Clinical, virologic and immunologic responses of children with advanced human immunodeficiency virus type 1 disease treated with protease inhibitors.

Author information

1
Department of Pediatrics, University of Washington, Children's Hospital and Medical Center, Seattle 98105, USA. ajmelvin@u.washington.edu

Abstract

OBJECTIVE:

To determine the effects of combination antiretroviral therapy including a protease inhibitor (PI combination therapy) in children with advanced HIV-1 disease.

STUDY DESIGN:

An observational study of HIV-1 plasma RNA, lymphocyte subsets, delayed type hypersensitivity and physical growth after initiation of PI combination therapy.

RESULTS:

In nine children the median HIV-1 plasma RNA decreased 1.7 log10 (mean, 1.57; range, 0.7 to 2.2) following PI combination therapy and CD4 cells increased a median of 499 (mean, 528; range, 9 to 1088) cells/microl.

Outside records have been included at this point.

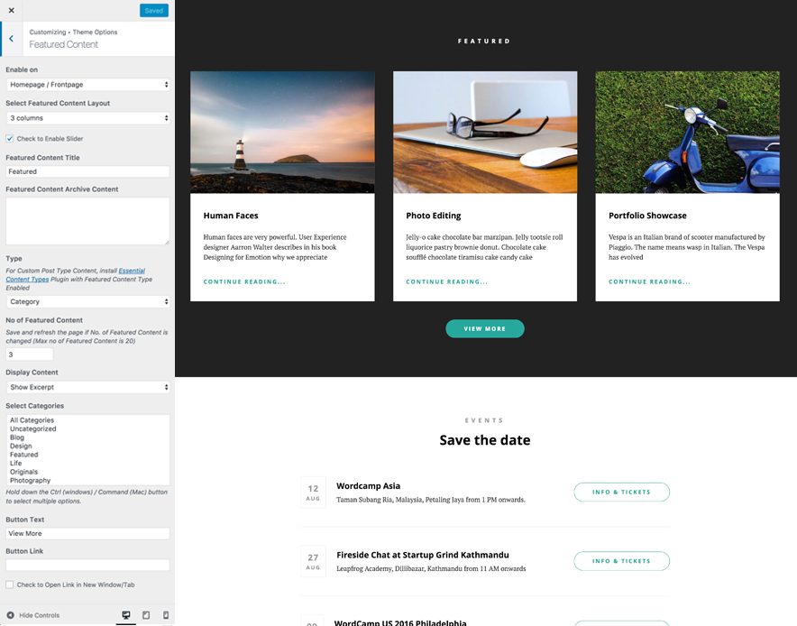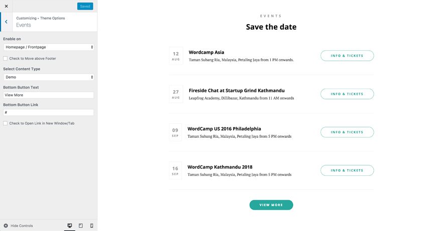 - Events: Option to choose events as Post, Page, Category or Image as events, option to enable/disable events on homepage, edit bottom button text, edit bottom button link
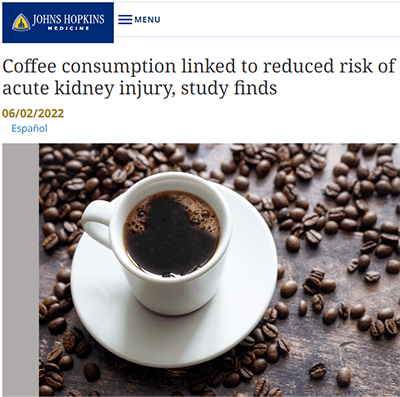 它的第一和第二段(合併)是:「如果您需要另一個理由來喝一杯咖啡開始新的一天,約翰霍普金斯大學醫學研究人員最近的一項研究表明,與不喝咖啡的人相比,每天至少喝一杯咖啡可以降低急性腎損傷的風險。5 月5 日發表在《Kidney International Reports》期刊上的研究結果表明,每天喝任意數量咖啡的人,急性腎損傷風險降低15%,其中每天喝兩到三杯咖啡的人群中觀察到的風險降低幅度最大(風險降低 22%–23%)。」
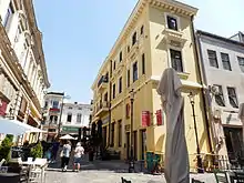 La place d'Espagne, avec le buste de Cervantes et des immeubles néo-roumains et bauhaus des années 1920-1930.
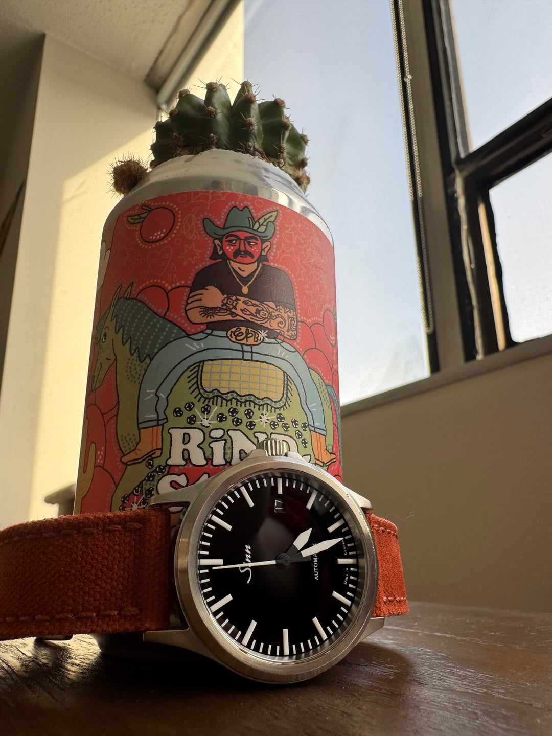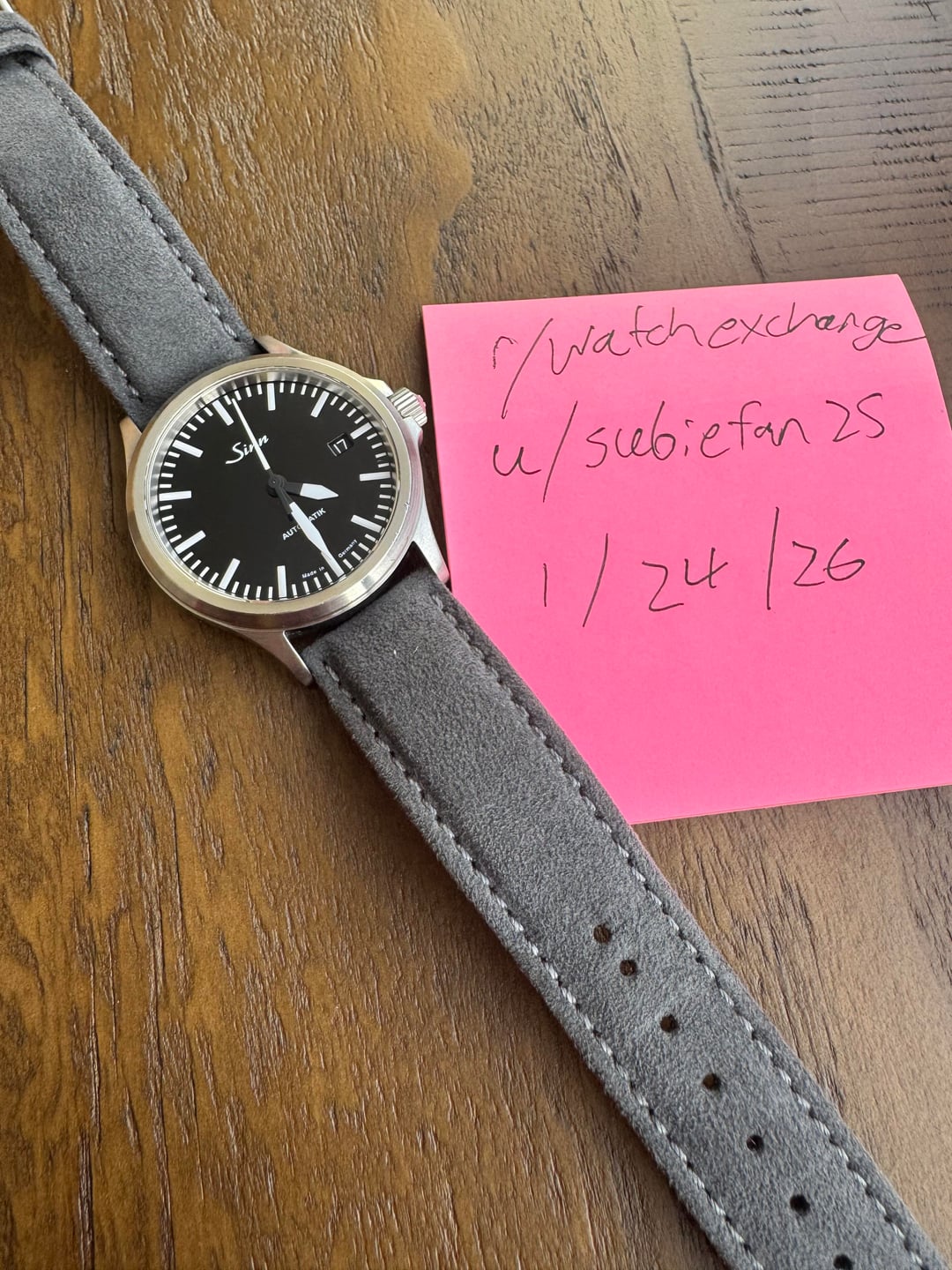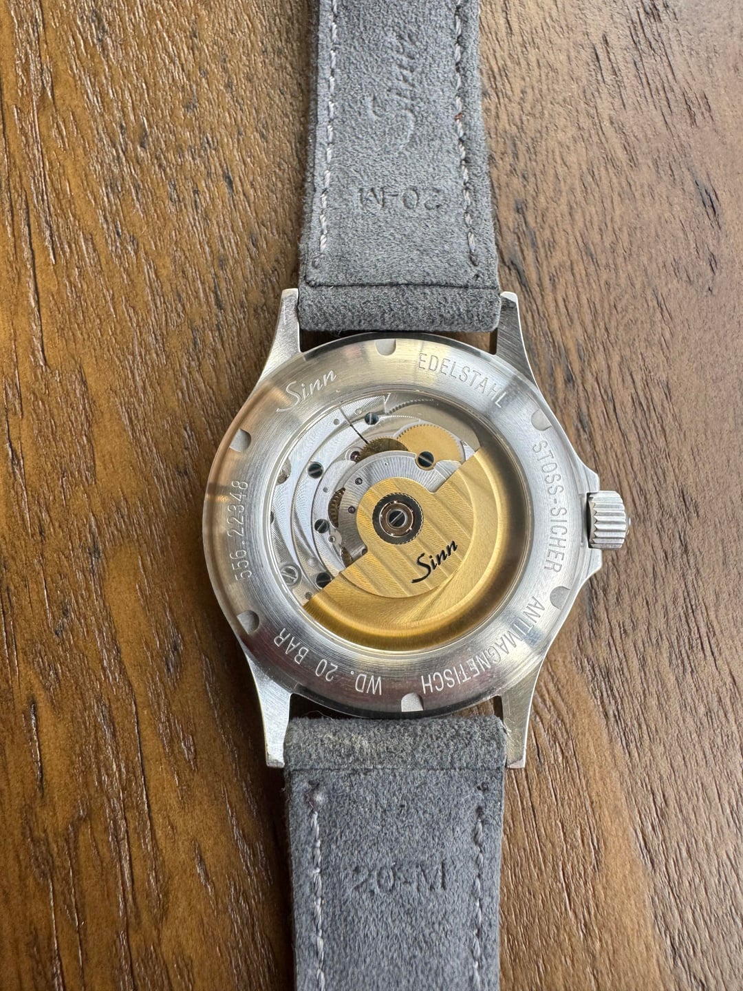 Quick catch and release for me, I think I am going to try and find a Sinn 356 instead. This is a hugely popular watch so I won’t go into great detail, but rather just speak on the condition. The AR coating on the sapphire is clean. Crown action is good. Box and papers are included, I just didn’t photo them. Comes on the very cool Sinn factory Alcantara strap- this is genuinely a super neat material I hadn’t tried yet. There are a couple tiny flea bites on the bezel. You can see them by the 5:00 in the first picture. Let me know if there are any questions. Asking $850 shipped CONUS only

A rebound of RNA, associated with the development of resistance to the PI, occurred in three subjects. Three of six children were no longer anergic and all nine achieved normal weight-growth velocities. Ritonavir was well-tolerated, despite its bitter taste; however, four of five children treated with indinavir developed renal complications.

CONCLUSIONS:

PI combination therapy in children with advanced HIV-1 disease was associated with a decrease in HIV-1 RNA, improved immunologic measures and normal or better weight gain. Of concern was the rebound in plasma HIV-1 associated with resistance to the PI observed in one-third of patients. This emphasizes the need for larger studies to define optimal PI containing regimens with long term efficacy in children.